Credit Cards » Credit Card News » Smart Credit Cardholders Are Costing Credit Companies
Date June 23, 2009

Smart Credit Cardholders Are Costing Credit Companies

Amidst all the shouting of credit cardholders over how they are being fleeced by credit card companies, it is sometimes difficult to see that credit card companies themselves are suffering in the current credit card crisis.

Smart Credit Cardholders Are Costing Credit CompaniesCredit cardholders, both good and bad, have a huge effect on how a credit card company flourishes or flounders in the current economy. In the case of bad credit cardholders, the cause and effect are quite obvious to see. Bad credit cardholders cost credit card companies a lot when they do not pay off their debts. It can be said that credit card companies are covering themselves from risks by increasing interest rates for riskier borrowers. However, when the borrower ultimately fails to pay the debt, it becomes a write off for the company, a loss in their books.

The effect of good credit cardholders are a bit more subtle to see. Good credit cardholders, by definition are good at maintaining their credit.

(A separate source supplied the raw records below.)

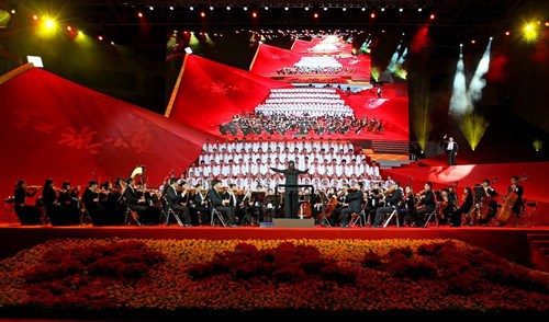 《紅旗頌》是由中國(guó)大陸作曲家呂其明創(chuàng)作的交響詩(shī),該作品于1965年創(chuàng)作并首演成功?!都t旗頌》以紅旗為主題,描繪了 1949年10月1日中華人民共和國(guó)成立時(shí)第一面五星紅旗升起的情景。同樣,它以宏偉莊嚴(yán)的歌唱性的旋律,表現(xiàn)了中國(guó)人民在紅旗的指引下,英勇頑強(qiáng),奮發(fā)向上的革命氣概,熱烈謳歌了偉大祖國(guó)蒸蒸日上的繁榮景象。該樂(lè)曲融入了《東方紅》和《義勇軍進(jìn)行曲》的旋律。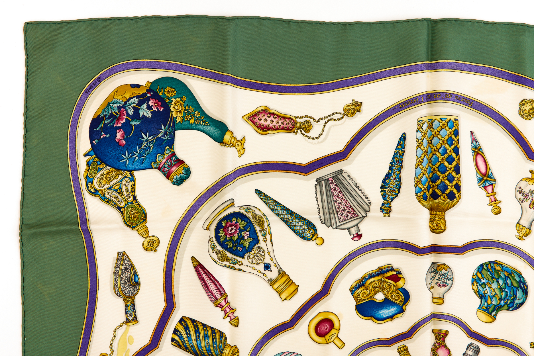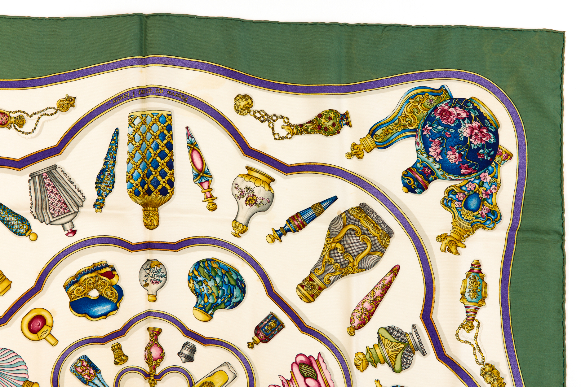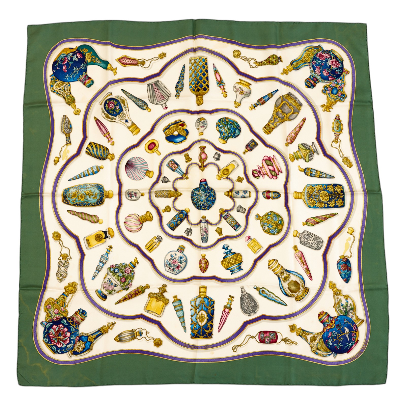 Hermes Silk Scarf Carre 90 “Qu’Importe Le Flacon” Green Silk Scarf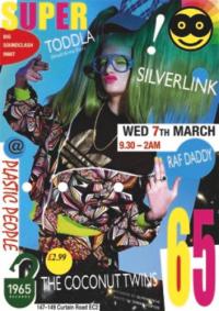1965 Records and dayglo optimism bible Super Super magazine are getting together to have a knees up and play some records on Londons best soundsystem. The first of an occasional party Super65 number 1 is happening next Wednesday March 1st at Plastic People on Curtain Road. Like a copy of Super Super or one of 1965's ltd 7" records it costs a paltry £2.99 to get in. In the Super corner are... The Coconut Twins and Silverlink and the '65 Corner Toddla T (Small Arms Fiya) and Raf Daddy SUPER'65 10PM - 2AM Wednesday 6th March Plastic People 147 - 149 Curtain Road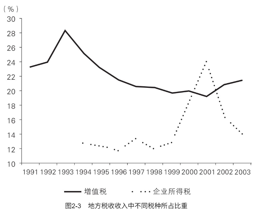 分税制改革中最重要的税种是增值税,占全国税收收入的1/4。改革之前,增值税(即产品税)是最大的地方税,改革后变成共享税,中央拿走75%,留给地方25%。假如改革前的1993年,地方增值税收入为100亿元,1994年改革后增长为110亿元,那么按照新税制,地方拿25%,收入一下就从1993年的100亿元下降到了27.5亿元。为防止地方收入急剧下跌,中央设立了“税收返还”机制:保证改革后地方增值税收入与改革前一样,新增部分才和中央分。1994年,地方可以拿到102.5亿元,而不是27.5亿元。因此改革后增值税占地方税收收入的比重没有急速下跌,而是缓慢地逐年下跌(图2-3)。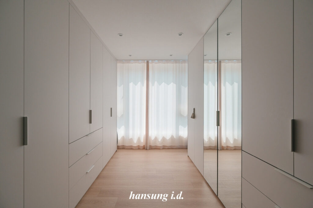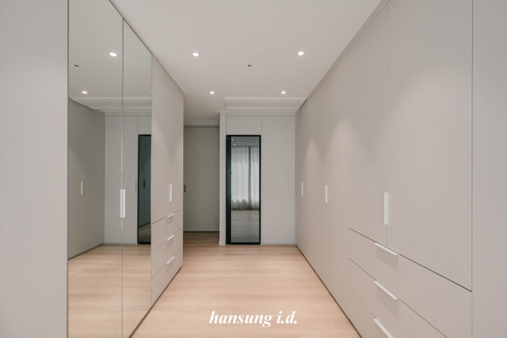 드레스룸은 3면을 가득 채운 붙박이장으로 구성해 옷·가방·잡화까지 체계적으로 정리 가능하도록 구성했다. 가족 구성원 모두의 수납을 해결한 실용적 공간으로, 54평형 인테리어 중에서도 만족도가 높았던 구역이다.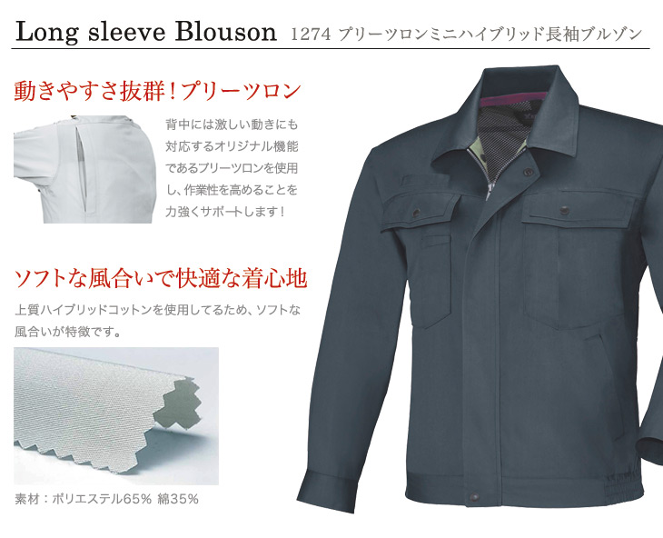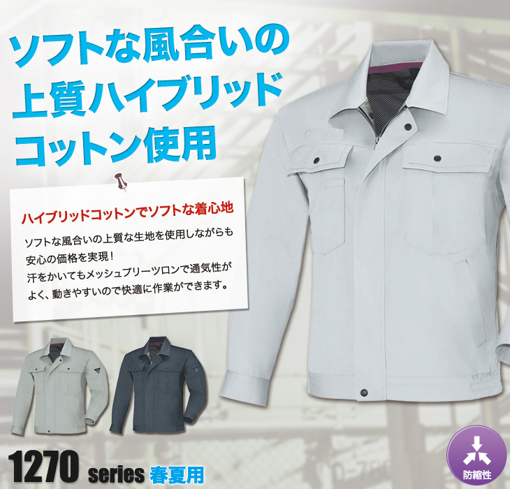 長袖ブルゾン,ジーベック,春夏用,1270シリーズ,プリーツロンMINIハイブリッド,帯電防止,ソフト風合い,防縮、防シワ,年間対応,メッシュプリーツロン,グレー,チャコールグレー,モスグリーン,建設,建築,電機,設備,営業,配達

This means that these cardholders rarely, if they ever do, carry any balance on their credit lines. They are also smart spenders and are well-versed in how to “game” the credit card system so that they get the best benefits without the risk of incurring high debts.

A favorite practice among good credit cardholders is to maintain two or more credit cards while actually using only one credit card. The one or two extra cards are used mainly to keep their available credit up so that they can maintain a high credit score. Since credit card companies will cancel cards that don’t have any activity on them, these cardholders will usually charge minimal amounts on these credit cards and pay them off completely every month. Maintaining a credit card this way can earn the credit card company very little while costing them a lot. Also, the one credit card that these credit cardholders are using constantly is, most probably the one with the best rewards offer. They will also be very punctual in paying any balances. This means that, while the credit company is spending on awards, they are earning little from interests.

When credit card companies lose profits, they will usually spread the cost around, increasing interest rates and other cost of service for their other customers. Bad and good credit cardholders are therefore a problem for both credit card companies and other credit cardholders because, by costing the companies more, they are inadvertently stifling the availability of credit for the average cardholder. Still, as credit cardholders get smarter about handling their credit and move further away from the traditional sources of profits for credit card companies, the companies themselves may have to look for a more profitable business model as the current one.

Date May 30, 2009

Bayh Says Good Credit Cardholders Will Not Be Penalized

Senator Evan Bayh made a stop in Fort Wayne last Wednesday to hold a dialog regarding the recently passed credit card bill and what it will mean for consumers. One of the hottest topics was the credit card industry’s assertion that responsible credit cardholders will be the ones getting penalized because of the practices of bad credit cardholders once the bill becomes active.

Senator Evan BayhAccording to Sen. Bayh, the regulations included in the credit card bill are specifically designed to protect and help out credit cardholders who have been hit by high interest rates and fees because they have had to rely more on their credit cards when the economic crisis hit. The senator told reporters stories about people who saw such incredible interest rate hikes, some from 0% to 29%, just for missing the payment deadline by one day. Many of those experiencing such high interest rate hikes belong to the middle class and, according to Sen. Bayh, they were “getting ripped off by credit card companies”.

With the new law in place, credit cardholders who regularly pay off their credit card bills will be protected from interest rate hikes. Credit cardholders will also have more time to examine their bills, as credit card companies will have to mail the bills 21 days before they become due. In the past, the ruling was 14 days. Notifications regarding interest rate and fee changes will also have to be given to credit cardholders 45 days before they are to take effect.

The legislation will obviously provide protection to credit cardholders who are having problems with their bill payments and are keeping their credit cards active by paying only the minimum amount due. In the past few years, credit card companies have been making a lot of money off these kinds of customers – customers who do not default but who try to keep their credit cards active by paying the minimum amount, which does not really subtract substantially from their debts. This is going to end when the credit card bill becomes active.

Critics are therefore saying that because of the large loss in profits from bad credit cardholders, credit card companies are going to turn to good credit cardholders to make up.

“That is not going to be allowed to happen,” Sen. Bayh said.

He cautioned the credit industry from punishing good credit cardholders and said that should it happen, Congress will probably revisit the law to penalize such practices. He also said that the situation is not likely to become reality. Since the credit card industry is very competitive, a credit card company that penalizes good credit cardholders will probably lose their customers to another credit card company with a better offer.